No Such Thing As "Primaries"
While we may call some colors "primary", there is no set of just three real colors that can make up all other colors. Pantone requires 14 different dyes to make up that set of colors for instance, and a typical artist will load their paulette with a dozen colors from which to mix.
TVs/Monitors use red, green, and blue "primaries" with wavelengths chosen with the intent to stimulate each of the three types of cones in the eye as independently as possible. However this is impossible to achieve due to the cone bandwidth overlap.
As such, you "could" say that red, green, blue were the primary colors of light, but even that is not completely correct. Yellow stimulates the "red" and "green" cones about equally, in the middle of the cone overlap. When a computer monitor displays yellow, it is displaying separate green and red, which does not mix in the air to make yellow — it just stimulates the red and green cones causing the brain to perceive yellow.
We perceive yellow, and not a reddish-green nor a greenish-red, due to the opponent process of color that is a result of the ganglion cells in the back of the eye.
Red/Green is an opponent pair, and Yellow/Blue is an opponent pair, making up four "unique" colors (Red, Yellow, Green, Blue). Since Yellow is easily created with red and green light, additive color processes typically omit yellow.
Subtracting Light
Reflected surfaces (and transparent film) "subtract" light by absorbing it, reflecting (or transmitting) only certain wavelengths. As it turns out, we get the best gamut of colors using "primaries" cyan, magenta, and yellow when working with subtractive reflected/translucent colors, as opposed to emitted light colors where we are trying to selectively stimulate each of the three cone types using red, green, and blue.

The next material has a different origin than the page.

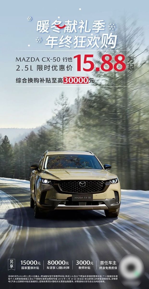 马自达CX-50行也2.5L限时售价15.88万起(2.5L指导价17.58万起),综合换购补贴最高3万。同时,购买该车还可享1.5万国家置换补贴、3000元教师补贴、首任车主终身免费质保等购车权益。
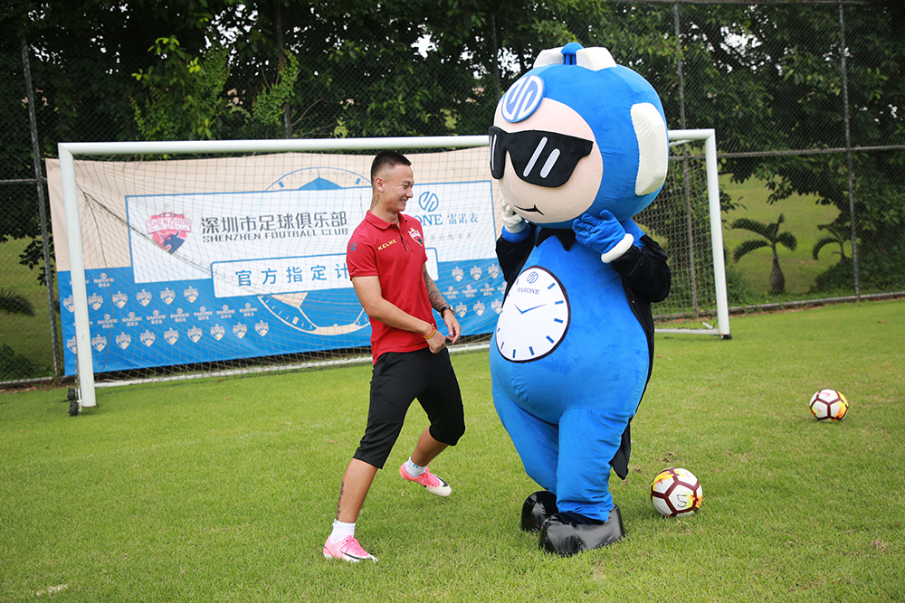 會后,雙方嘉賓移步至足球場觀看深足球員馳騁球場的颯爽風姿,一睹球員訓練風采。雷諾表品牌IP雷小諾也出現(xiàn)在球場,與球員們踢球互動。戲精雷小諾奔跑在球場上,三招兩式,踢球翻身現(xiàn)場就引來熱情圍觀。

Also, it is useful to note that cyan is the "opposite" of red, magenta "opposite" of green and yellow "opposite" of blue.
And for the record, in an sRGB monitor, the red is really a red/orange. The green is really a green/yellow, and the blue is more of a violet.
For either additive or subtractive processes, the specific colors chosen are (generally) intended for creating the widest gamut of color, limited by various reasons of economics and practicality.